My DD had this last summer under the arms, it was really bad! Looked scary! With antibiotics it was better after about a week but then took a month or more to be back to normal (it stayed reddish for a long time)

For me, even better than Weleda was A. Vogel's bioforce cream, you can buy it directly from avogel.co.uk website, it works wonders and many nasty rashes can disappear immediately after you use it. Also 100% natural and plant based like Weleda.

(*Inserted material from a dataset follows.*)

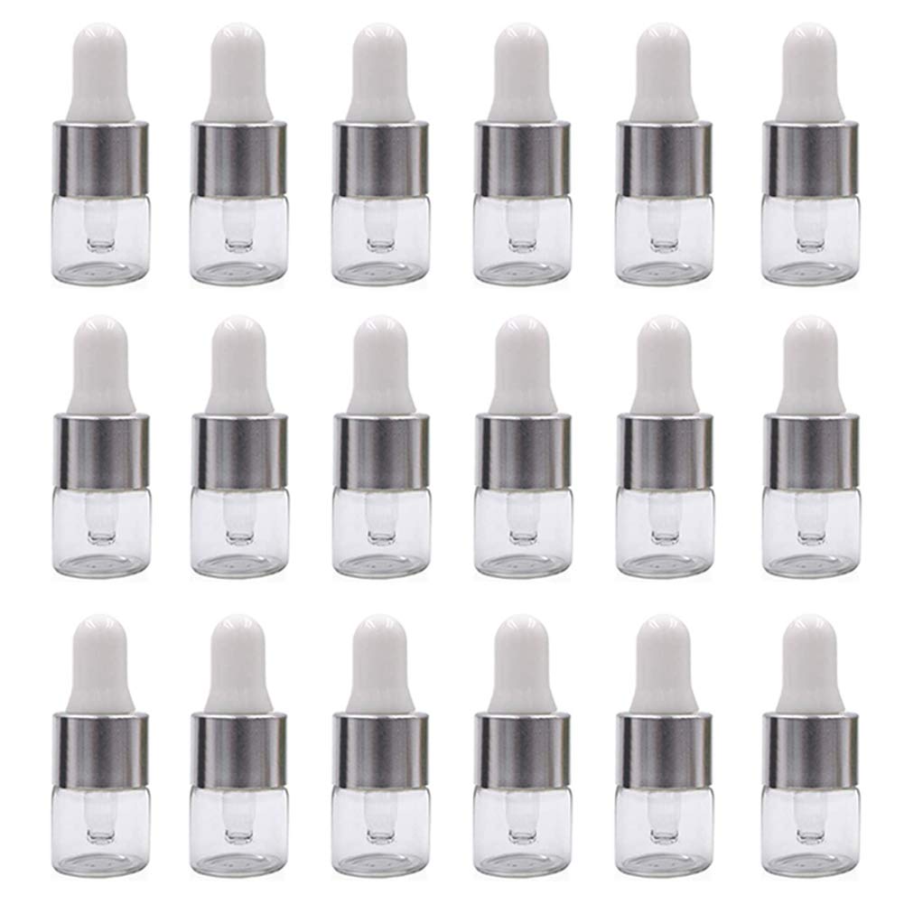 ConStore 50pcs Clear Glass Dropper Bottles Mini Essential Oil Vials with Glass Eye Dropper Empty Cosmetic Lotion Sample Bottles Refillable DIY Cosmetic Container Liquid Perfume (1ml)

hi. just read everyone's post and would try the cream that sanam and marvelous has suggested. ds 8 eczema is severe to the point where its all over his body,hands and face. for the past year its spread to his face and neck. that area is always red and would go away for a few days then comes back red all over. he has lichfications on his knees and hands through years of scratching and heavy long term use of steroids creams. recently on bought him comfifit from pharmacy and organic cotton from contoncomfort website. their pj are so soft and comfortable. my son has sleep top with mittens attached. .That has help his skin to heal evenhthough he's still scraches it doesn't bleed ad before. his dermatalogist suggested he has light therapy because his eczema is wide spread. will consider it now if it helps. i like to know please if i can use the weleda and vogels bioforce on his neck and face.